パペーテの夜ごはん
イア・オラ・ナ(タヒチ語のあいさつ)。ファアア(Faa’a)に降り立つと、おなかが空いていて、ラグーンの向こうではパペーテ(Papeete)に灯りがともっています。このガイドは「パペーテでは夜どう食べるのか」という一点だけに答えます。存在しない段取りを売ることはしません。
1. パペーテの夜、実際にある3つの食べ方
パペーテには、パリの密度も、バンコクの熱気もありません。そのかわり、 3つの層 が時間をかけて積み重なっていて、海沿いから内陸へ歩けばすぐに見分けがつきます。
ルーロット。 これが島の夜の定番です。日が落ちるころに現れる移動式の屋台グルメで、折りたたみのテーブルを出し、灯りをつけ、遅くまで営業します。メニューは短く、まっすぐで、どこでもだいたい同じです。 ポワソン・クリュ(生魚のココナッツミルク和え)、チャウメン (焼きそば。古くからの華人の影響です)、 ステーキとフライドポテト、串焼き、自家製アイス。ひじをついて、ほかの家族連れを眺めながら食べます。観光客向けの 「いかにもタヒチ(Tahiti)」 ではありません。フェヌア(「この土地」の意)で 実際に食べられているもの です。
スナック(現地でいう小さな食堂)。 ポリネシアでいう「スナック」は、日本の「スナック」とも、ファストフードとも違います。家族で営むことの多い、町の小さな食堂です。昼と夜に開き、出すのは マア 、つまり日々のごはんです。 ポワソン・クリュ、刺身、サンドイッチ、日替わり。閉まるのが早い店が多く、長居する場所ではなく、食べる場所です。
レストラン。 スナックやルーロットのほかに、きちんとしたレストランもあります。現代的なフランス料理、島の食材を使った料理、古くからの中華、近年の菜食の店。予約を受け、週末は埋まります。
2. アプリが引き受けられること
Fenua’p には 「グルメ」のカテゴリー があり、登録された店のページには2つの入り口が並びます。

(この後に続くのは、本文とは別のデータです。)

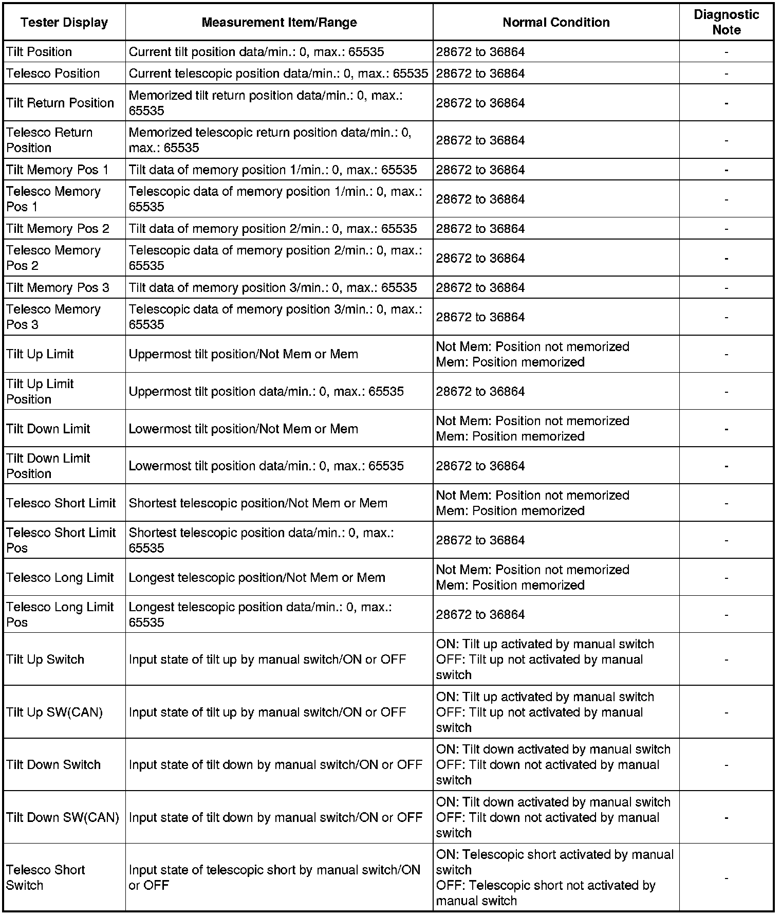STEERING COLUMN: POWER TILT AND POWER TELESCOPIC STEERING COLUMN SYSTEM: DATA LIST / ACTIVE TEST

- 席を予約する。 日付、時刻、人数を選ぶと、依頼が店に届きます。店は自分の管理画面から承諾(または辞退)し、結果が通知されます。
- メニューから注文する。 料理、デザート、飲みものを見て注文を組み立て、店が対応していれば「テイクアウト」か「配達」を選び、調理の進み具合を追えます。

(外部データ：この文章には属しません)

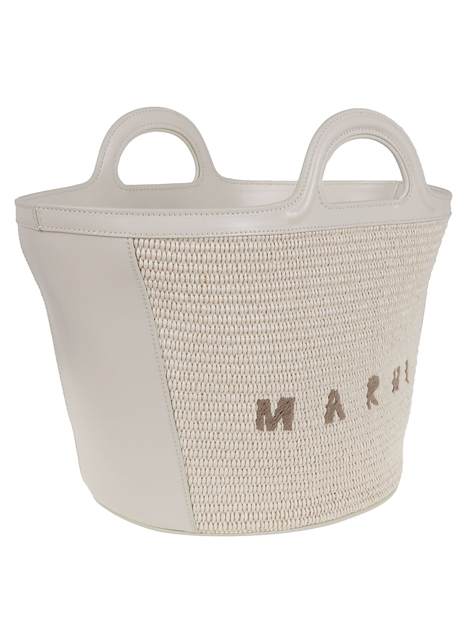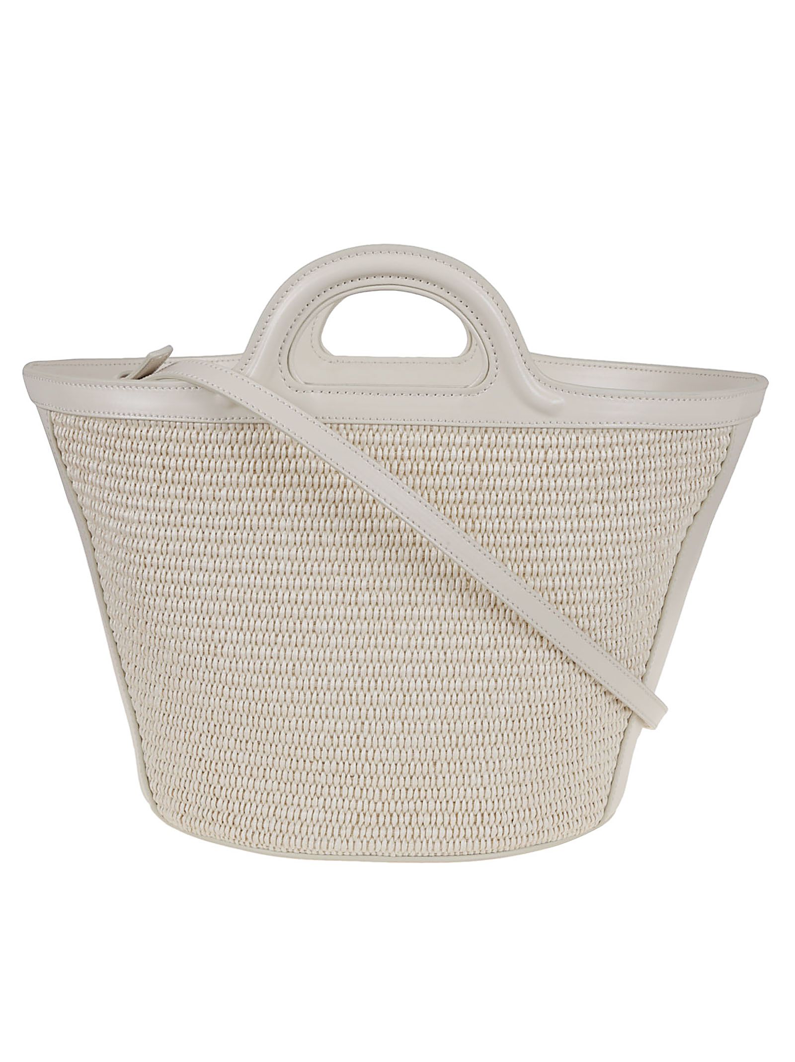 Borsa Tropicalia misura small BY MARNI.Realizzata in pelle e con pannelli in rafia intrecciata. Portabile a mano e tracolla. Maniglie con dettagli in rilievo. Fondo in cuoio. Tracolla in pelle staccabile.Dettaglio logo ricamato sul davanti.

やらないこと :店を代わりに選ぶこと。これはガイドブックではなく道具です。選ぶのは利用者、最後まで滞りなく運ぶのが Fenua’p の仕事です。掲載の要件(メニュー、営業時間、必要な書類)が揃わない事業者は表示されません。表示の気まぐれではなく、意図した歯止めです。
3. 迷わず注文するための、少しの言葉
- マア — 食事、食べもの。「マアを食べに行こう」で「夕飯に行こう」の意味になります。

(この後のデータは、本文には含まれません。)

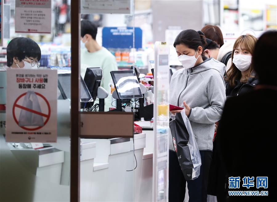 2月24日,在韓國(guó)首爾,當(dāng)?shù)鼐用裨邶埳絽^(qū)一家日用品商店排隊(duì)結(jié)賬。 新華社記者 王婧嬙 攝

- マア・タヒチ — 島の料理。取り分けて食べることが多く、 ポワソン・クリュ、プアア (豚の蒸し焼き)、 ファファ (タロイモの葉)、 ウル (パンノキの実)、 フェイ (火を通した赤いバナナ)などが並びます。
- ポワソン・クリュ — フェヌアを代表する一品。新鮮なマグロをライムでしめ、ココナッツミルクでのばし、生野菜を添えます。どこでも見つかります。
- マウルウル — ありがとう。店の人にも、レジの人にも、ルーロットの主人にも。
4. モーレアへ渡る前夜をパペーテで過ごすなら
パペーテに泊まるのは到着の一晩だけ、という旅がよくあります。翌朝にはモーレア行きの船に乗るからです。その夜に役立つことを2つ。
- 少し歩くこと。 海沿い、中央の広場、ゆるやかに上る通り。中心街の宿からなら、どれも歩いて回れます。
- 頼みすぎないこと。 ポリネシアの一人前は多めです。二人なら、取り分ける2皿で足りることがよくあります。
よい食事を。フェヌアへようこそ。